DINAMIKA SULTRA.COM, KOLAKA – Kejaksaan Negeri (Kejari) Kolaka, Sulawesi Tenggara (Sultra), menyelamatkan keuangan negara sebesar Rp863,5 juta dari penanganan sejumlah perkara tindak pidana korupsi sepanjang tahun 2025.
Kepala Seksi Intelijen Kejari Kolaka Bustanil Arifin di Kolaka, Kamis, mengatakan penyelamatan keuangan negara tersebut diperoleh melalui proses penyidikan dan eksekusi uang pengganti.
Pada tahap penyidikan, kata dia, Kejari Kolaka berhasil menyelamatkan kerugian keuangan negara sebesar Rp788,5 juta ditambah Rp75 juta dari eksekusi uang pengganti.
Ia menjelaskan dana yang diselamatkan berasal dari tiga perkara korupsi, yakni pertama, penyitaan pada perkara korupsi pekerjaan swakelola pembangunan jembatan beton Desa Lere Jaya, Kecamatan Lambandia, serta rehabilitasi jembatan Sungai Alaaha, Desa Alaaha, Kecamatan Ueesi, pada Badan Penanggulangan Bencana Daerah (BPBD) Kolaka Timur tahun anggaran 2023 sebesar Rp162,5 juta
Kedua, penyitaan dalam perkara korupsi kegiatan belanja pengadaan bibit kopi robusta pada Dinas Perkebunan dan Hortikultura Kolaka Timur tahun 2021 dengan nilai Rp626 juta.
Ketiga, berasal dari perkara korupsi perencanaan, pengawasan, dan pelaksanaan pekerjaan rehabilitasi jaringan irigasi daerah Mowewe oleh Dinas Pekerjaan Umum, Penataan Ruang, dan Perhubungan Kolaka Timur tahun anggaran 2020 dan 2021 sebesar Rp75 juta.
Selain itu, Bustanil menyampaikan sepanjang tahun 2025 Kejari Kolaka telah menangani 23 perkara tindak pidana khusus, terdiri atas tujuh perkara penyelidikan, enam penyidikan, lima penuntutan, dan lima perkara yang telah dieksekusi.

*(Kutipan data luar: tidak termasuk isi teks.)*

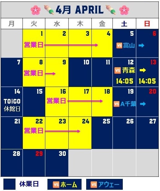 信州ブレイブウォリアーズTOiGOオフィス4月の営業日をお知らせいたします。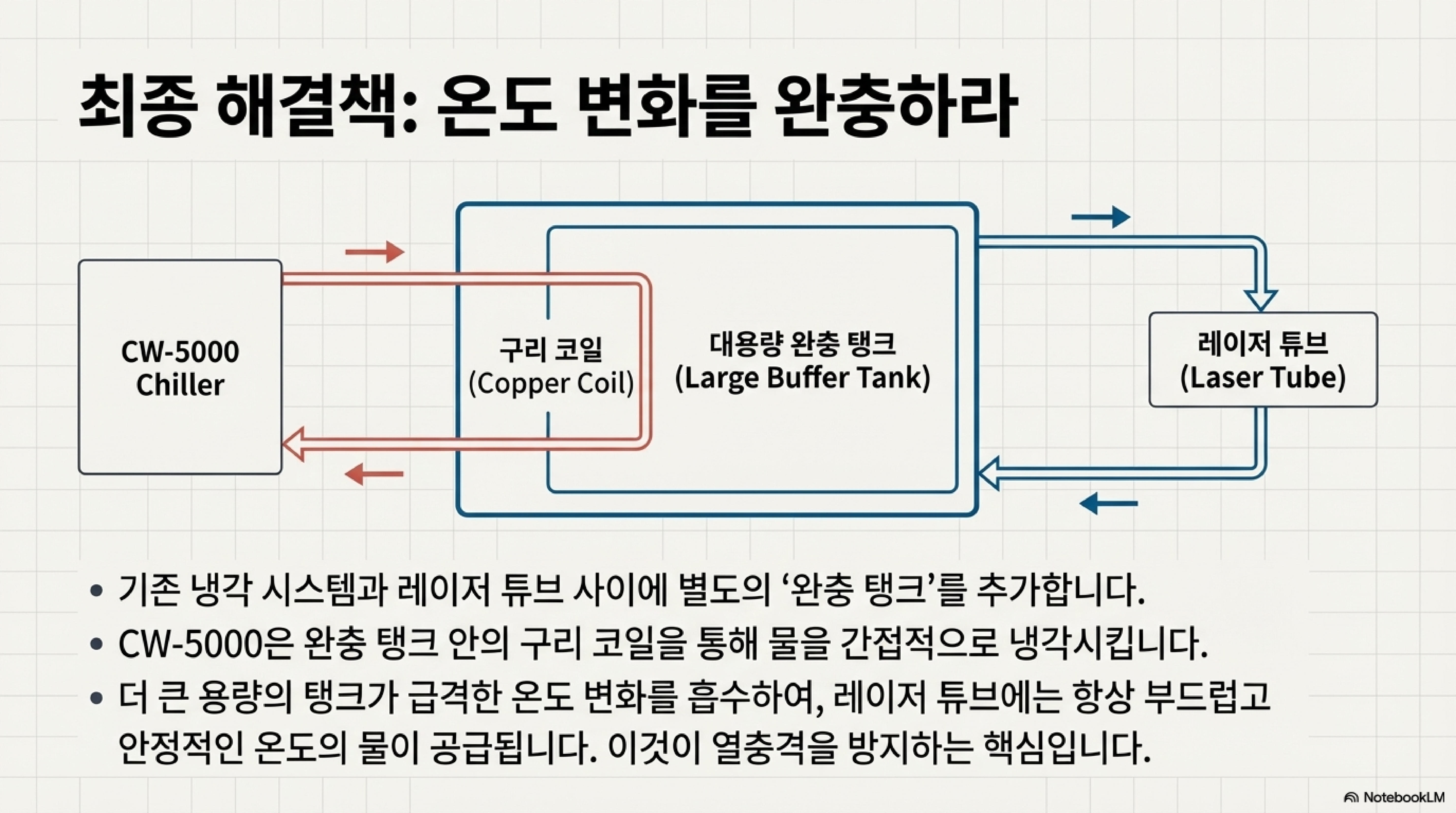 이 문제에 대한 근본적인 해결책은 냉각기와 레이저 튜브 사이에 별도의 '완충 물탱크(buffer tank)'를 추가하는 것입니다. 완충 탱크는 냉각기가 만든 급격한 온도 변화를 부드럽게 완화시켜, 레이저 튜브에는 안정적인 온도의 물이 공급되도록 합니다. 놀랍게도 이 해결책은 수년 전 미국의 레이저 유저들이 경험을 통해 발견했던 방법과 정확히 일치하며, 그 신뢰성을 더해줍니다.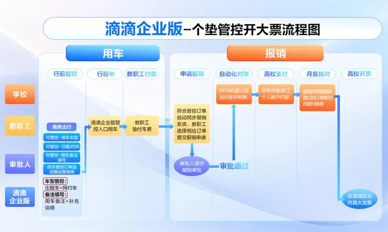 基于过往服务企业的成功经验,滴滴企业版结合高校需求,推出集“免报销”、“垫付报销”、“包干报销”多种类型在内的用车与支付服务,提升教职工报销便利与灵活。结算层面,滴滴企业版率先在高校领域推广“财务人员统一结算,滴滴开大票”的创新模式,帮高校告别“发票海洋”。

Ia mengatakan capaian tersebut merupakan hasil dukungan berbagai pihak dalam upaya penegakan hukum di wilayah hukum Kejari Kolaka.
“Capaian ini mencerminkan komitmen Kejari Kolaka dalam menjaga akuntabilitas serta mewujudkan tata kelola pemerintahan yang bersih dari praktik korupsi,” ujar Bustanil Arifin.(ds/ono)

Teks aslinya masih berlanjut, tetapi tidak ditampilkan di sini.